How to complete this task: The listing below holds a line with "その後海岸伝いに西に行きトリ" and a later line with "2012年4月12日,我所新". Write out those two lines and every line between them, exactly, and nothing else.

Given information:
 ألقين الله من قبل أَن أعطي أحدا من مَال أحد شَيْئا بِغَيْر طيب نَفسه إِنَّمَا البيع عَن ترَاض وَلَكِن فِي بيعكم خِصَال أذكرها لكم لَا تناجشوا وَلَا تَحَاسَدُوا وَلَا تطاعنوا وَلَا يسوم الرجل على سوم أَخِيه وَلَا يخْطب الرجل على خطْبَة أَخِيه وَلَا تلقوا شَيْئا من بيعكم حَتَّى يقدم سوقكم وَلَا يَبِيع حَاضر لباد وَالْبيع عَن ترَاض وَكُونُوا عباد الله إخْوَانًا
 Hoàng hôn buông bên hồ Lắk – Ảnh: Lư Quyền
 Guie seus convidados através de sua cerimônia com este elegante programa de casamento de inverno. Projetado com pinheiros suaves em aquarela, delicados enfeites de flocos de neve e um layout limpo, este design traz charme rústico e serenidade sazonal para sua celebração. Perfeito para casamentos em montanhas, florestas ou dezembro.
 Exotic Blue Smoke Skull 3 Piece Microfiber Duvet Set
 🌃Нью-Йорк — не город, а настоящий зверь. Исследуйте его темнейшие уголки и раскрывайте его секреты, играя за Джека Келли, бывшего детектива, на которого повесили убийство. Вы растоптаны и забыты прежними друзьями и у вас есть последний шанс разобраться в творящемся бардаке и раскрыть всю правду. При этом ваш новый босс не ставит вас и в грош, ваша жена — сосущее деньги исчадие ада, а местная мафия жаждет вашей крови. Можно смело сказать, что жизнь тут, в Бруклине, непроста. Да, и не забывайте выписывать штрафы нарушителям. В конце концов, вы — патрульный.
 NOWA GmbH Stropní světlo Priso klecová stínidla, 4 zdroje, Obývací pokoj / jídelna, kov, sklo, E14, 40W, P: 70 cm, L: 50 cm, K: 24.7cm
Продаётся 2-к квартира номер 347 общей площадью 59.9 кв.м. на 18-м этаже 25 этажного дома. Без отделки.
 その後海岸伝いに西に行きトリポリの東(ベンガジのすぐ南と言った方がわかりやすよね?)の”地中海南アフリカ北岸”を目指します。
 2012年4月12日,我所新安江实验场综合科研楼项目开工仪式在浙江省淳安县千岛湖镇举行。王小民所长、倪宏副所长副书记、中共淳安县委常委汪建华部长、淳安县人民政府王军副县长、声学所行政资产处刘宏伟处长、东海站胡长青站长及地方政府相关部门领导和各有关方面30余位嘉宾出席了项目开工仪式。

---

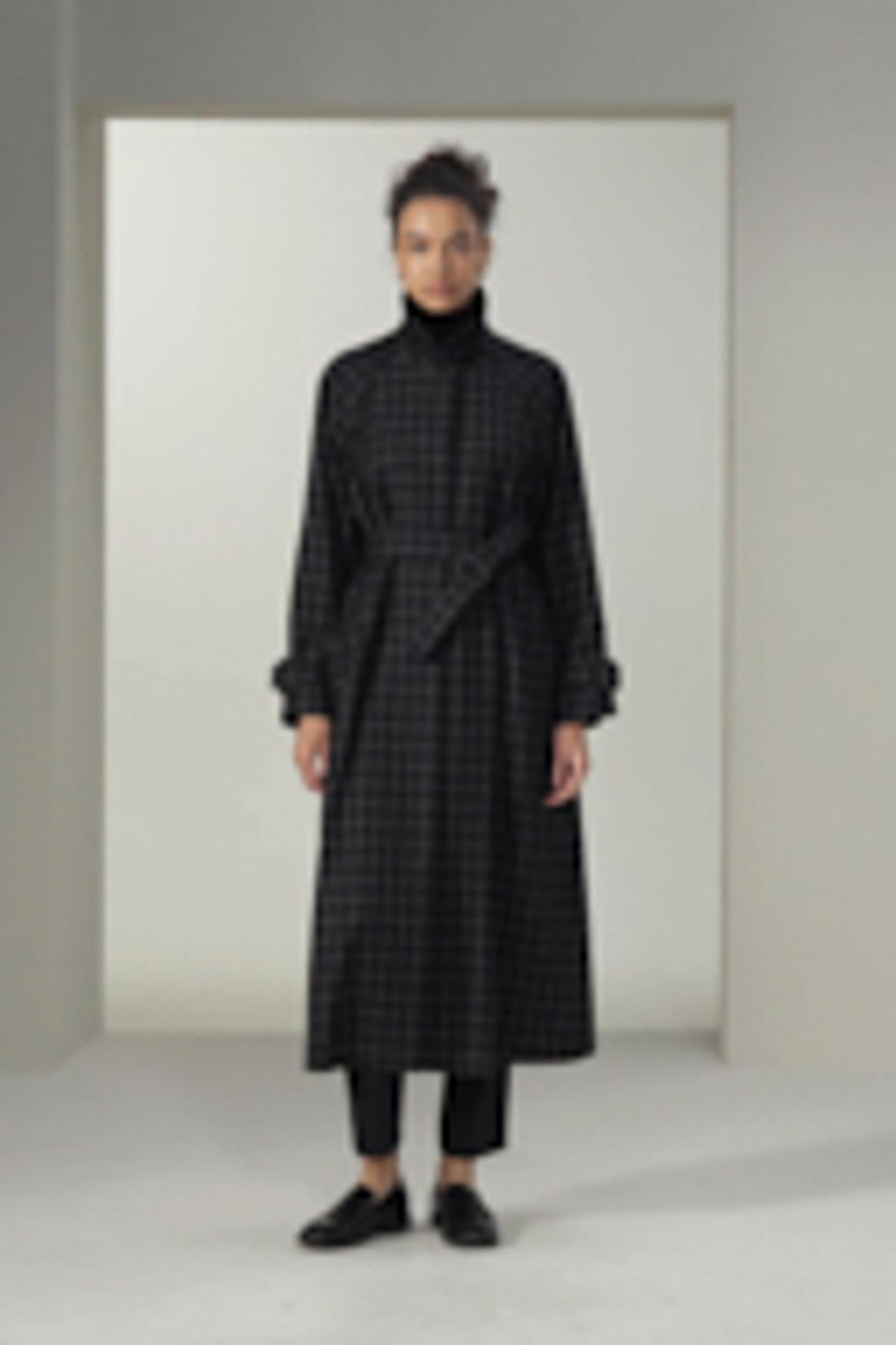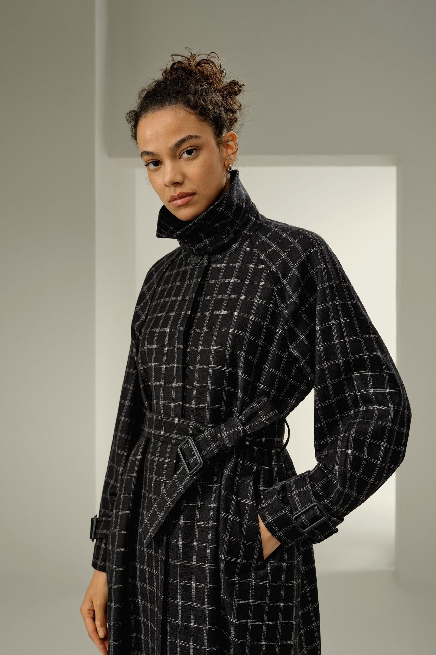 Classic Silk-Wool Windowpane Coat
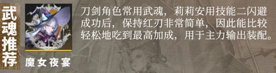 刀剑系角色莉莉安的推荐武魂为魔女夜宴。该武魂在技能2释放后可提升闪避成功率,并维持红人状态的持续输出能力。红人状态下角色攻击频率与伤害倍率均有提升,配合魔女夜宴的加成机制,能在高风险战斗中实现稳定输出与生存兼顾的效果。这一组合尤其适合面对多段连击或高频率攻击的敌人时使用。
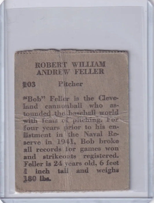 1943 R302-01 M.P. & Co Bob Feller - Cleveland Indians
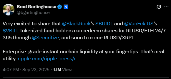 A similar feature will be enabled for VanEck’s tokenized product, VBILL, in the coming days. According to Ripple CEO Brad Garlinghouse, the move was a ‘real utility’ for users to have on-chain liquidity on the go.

--

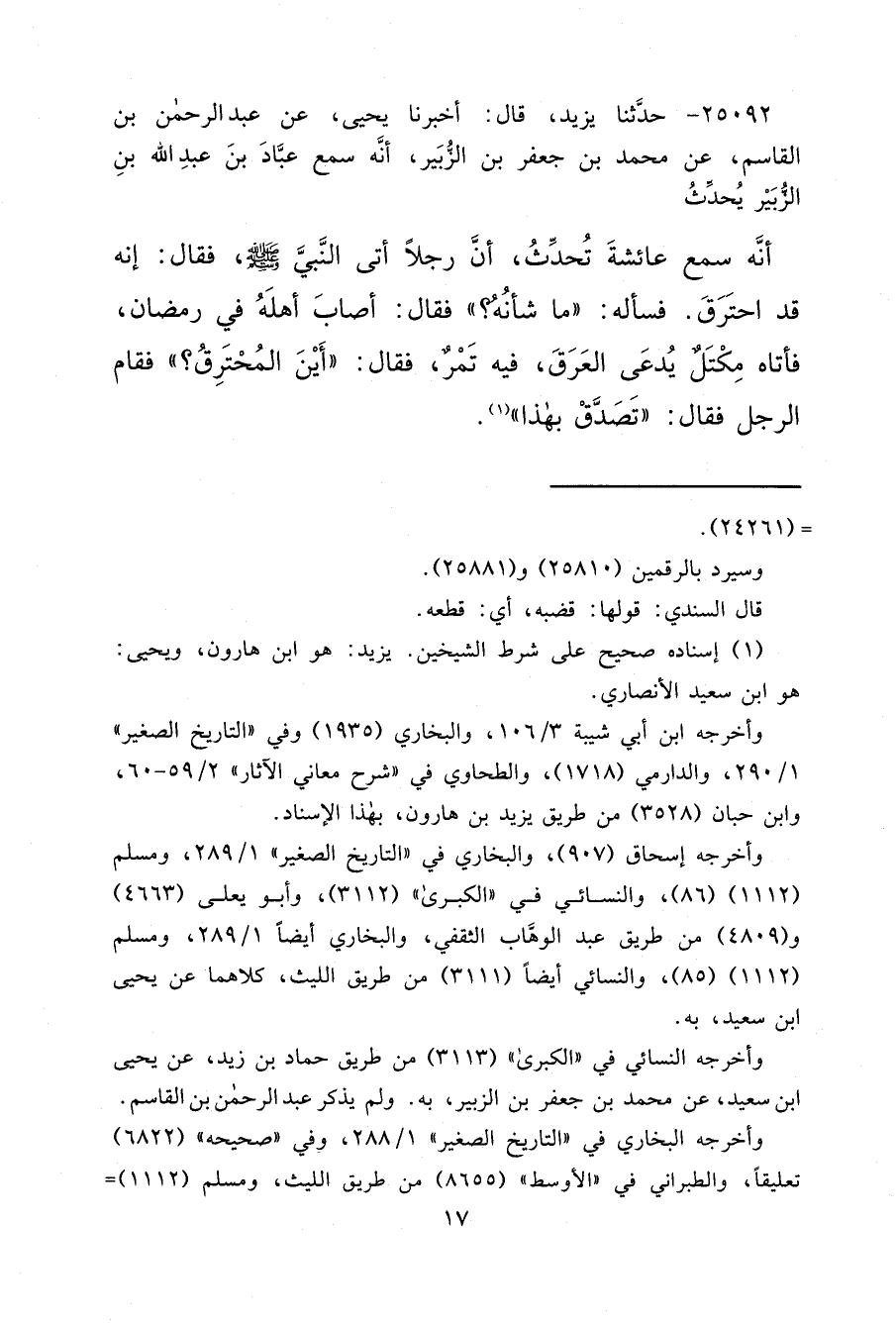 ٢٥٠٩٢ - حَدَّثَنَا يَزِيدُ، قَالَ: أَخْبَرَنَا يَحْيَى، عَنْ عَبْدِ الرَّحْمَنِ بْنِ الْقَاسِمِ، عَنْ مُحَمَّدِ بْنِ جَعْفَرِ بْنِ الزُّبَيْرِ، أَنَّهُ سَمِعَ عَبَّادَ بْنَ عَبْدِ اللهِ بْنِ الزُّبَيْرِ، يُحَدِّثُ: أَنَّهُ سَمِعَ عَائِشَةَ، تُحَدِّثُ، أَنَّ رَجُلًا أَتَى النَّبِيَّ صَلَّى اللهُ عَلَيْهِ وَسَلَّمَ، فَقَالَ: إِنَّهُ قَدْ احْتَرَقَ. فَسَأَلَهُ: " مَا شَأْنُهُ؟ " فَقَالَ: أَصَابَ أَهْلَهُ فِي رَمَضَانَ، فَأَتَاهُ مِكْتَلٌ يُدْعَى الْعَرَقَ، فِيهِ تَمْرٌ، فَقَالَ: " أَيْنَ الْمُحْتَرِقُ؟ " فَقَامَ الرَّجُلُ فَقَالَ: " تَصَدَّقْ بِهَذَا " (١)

Solution to this exercise:
 その後海岸伝いに西に行きトリポリの東(ベンガジのすぐ南と言った方がわかりやすよね?)の”地中海南アフリカ北岸”を目指します。
 2012年4月12日,我所新安江实验场综合科研楼项目开工仪式在浙江省淳安县千岛湖镇举行。王小民所长、倪宏副所长副书记、中共淳安县委常委汪建华部长、淳安县人民政府王军副县长、声学所行政资产处刘宏伟处长、东海站胡长青站长及地方政府相关部门领导和各有关方面30余位嘉宾出席了项目开工仪式。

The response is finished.